What the task asks —
Each line in the data must be reproduced as written, except for any picture.
──────── Dataset content ────────
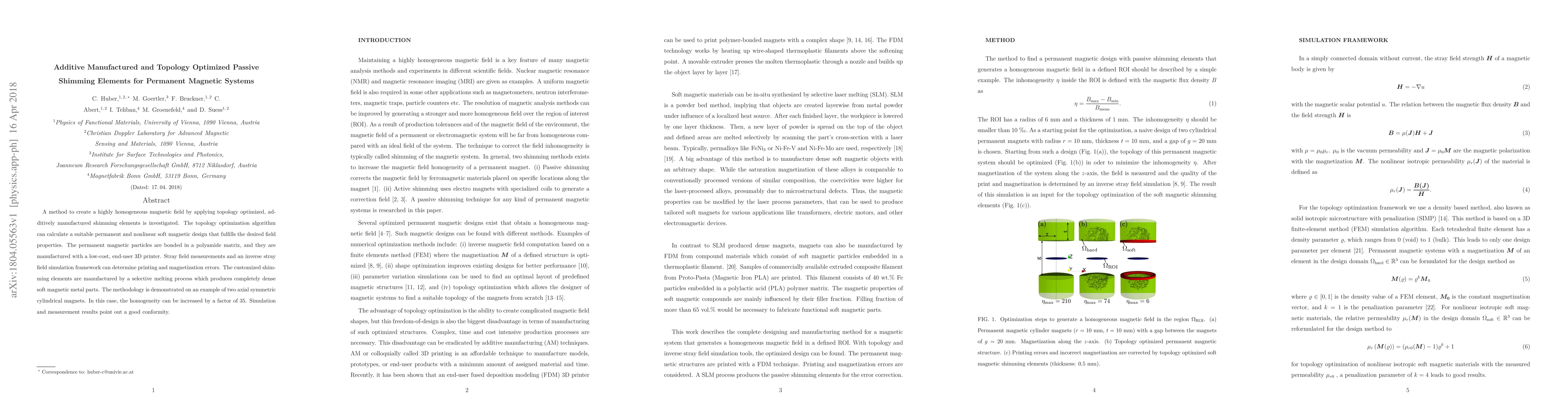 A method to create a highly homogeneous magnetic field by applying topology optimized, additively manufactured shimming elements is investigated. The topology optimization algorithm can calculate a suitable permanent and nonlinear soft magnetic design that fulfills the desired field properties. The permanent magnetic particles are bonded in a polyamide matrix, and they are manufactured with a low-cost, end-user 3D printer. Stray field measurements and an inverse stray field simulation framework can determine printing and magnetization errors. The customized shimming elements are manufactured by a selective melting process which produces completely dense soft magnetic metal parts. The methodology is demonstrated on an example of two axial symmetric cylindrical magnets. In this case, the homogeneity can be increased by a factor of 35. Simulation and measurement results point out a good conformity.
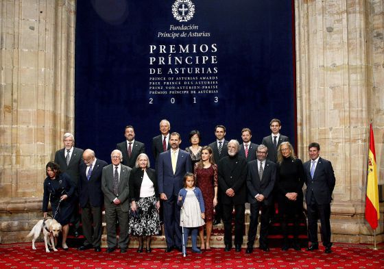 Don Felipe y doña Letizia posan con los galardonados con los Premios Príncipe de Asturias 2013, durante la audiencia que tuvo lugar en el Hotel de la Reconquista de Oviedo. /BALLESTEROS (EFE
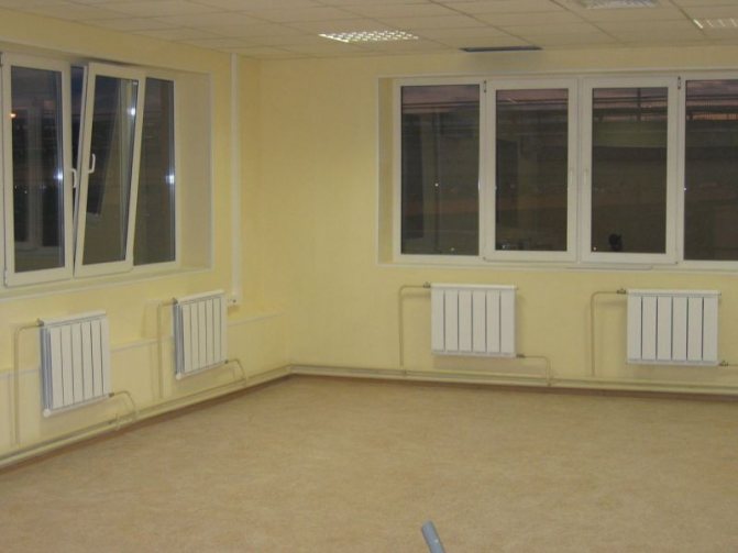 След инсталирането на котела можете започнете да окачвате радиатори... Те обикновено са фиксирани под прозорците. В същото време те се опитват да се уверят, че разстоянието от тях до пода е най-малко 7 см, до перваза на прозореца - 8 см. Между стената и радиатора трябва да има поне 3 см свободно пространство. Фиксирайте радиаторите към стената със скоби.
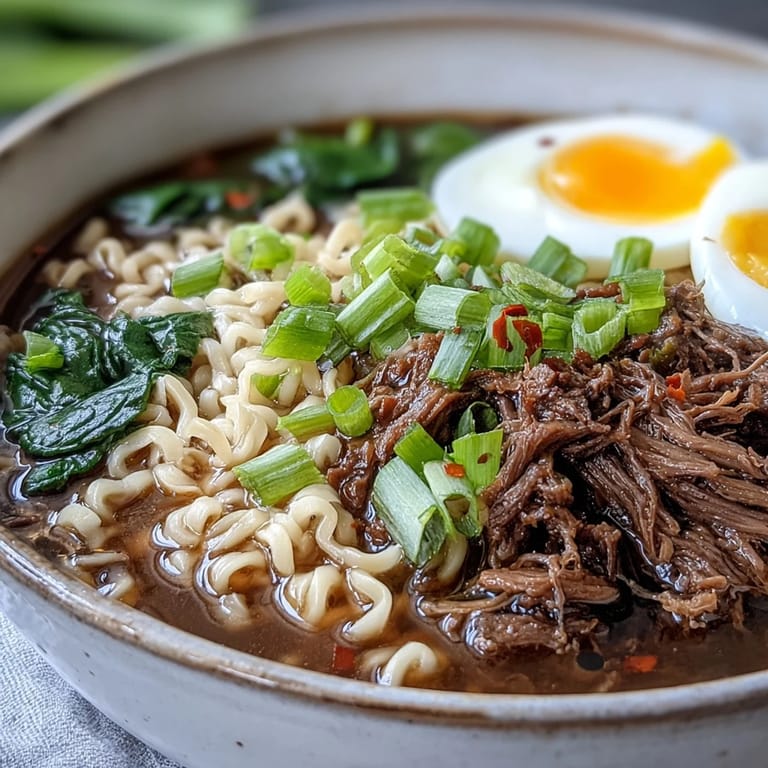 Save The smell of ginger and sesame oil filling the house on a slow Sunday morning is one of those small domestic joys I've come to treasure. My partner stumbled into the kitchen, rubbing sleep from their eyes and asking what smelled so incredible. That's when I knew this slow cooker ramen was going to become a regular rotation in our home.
────────
Solution below —
 A method to create a highly homogeneous magnetic field by applying topology optimized, additively manufactured shimming elements is investigated. The topology optimization algorithm can calculate a suitable permanent and nonlinear soft magnetic design that fulfills the desired field properties. The permanent magnetic particles are bonded in a polyamide matrix, and they are manufactured with a low-cost, end-user 3D printer. Stray field measurements and an inverse stray field simulation framework can determine printing and magnetization errors. The customized shimming elements are manufactured by a selective melting process which produces completely dense soft magnetic metal parts. The methodology is demonstrated on an example of two axial symmetric cylindrical magnets. In this case, the homogeneity can be increased by a factor of 35. Simulation and measurement results point out a good conformity.
 Don Felipe y doña Letizia posan con los galardonados con los Premios Príncipe de Asturias 2013, durante la audiencia que tuvo lugar en el Hotel de la Reconquista de Oviedo. /BALLESTEROS (EFE
 След инсталирането на котела можете започнете да окачвате радиатори... Те обикновено са фиксирани под прозорците. В същото време те се опитват да се уверят, че разстоянието от тях до пода е най-малко 7 см, до перваза на прозореца - 8 см. Между стената и радиатора трябва да има поне 3 см свободно пространство. Фиксирайте радиаторите към стената със скоби.
 Save The smell of ginger and sesame oil filling the house on a slow Sunday morning is one of those small domestic joys I've come to treasure. My partner stumbled into the kitchen, rubbing sleep from their eyes and asking what smelled so incredible. That's when I knew this slow cooker ramen was going to become a regular rotation in our home.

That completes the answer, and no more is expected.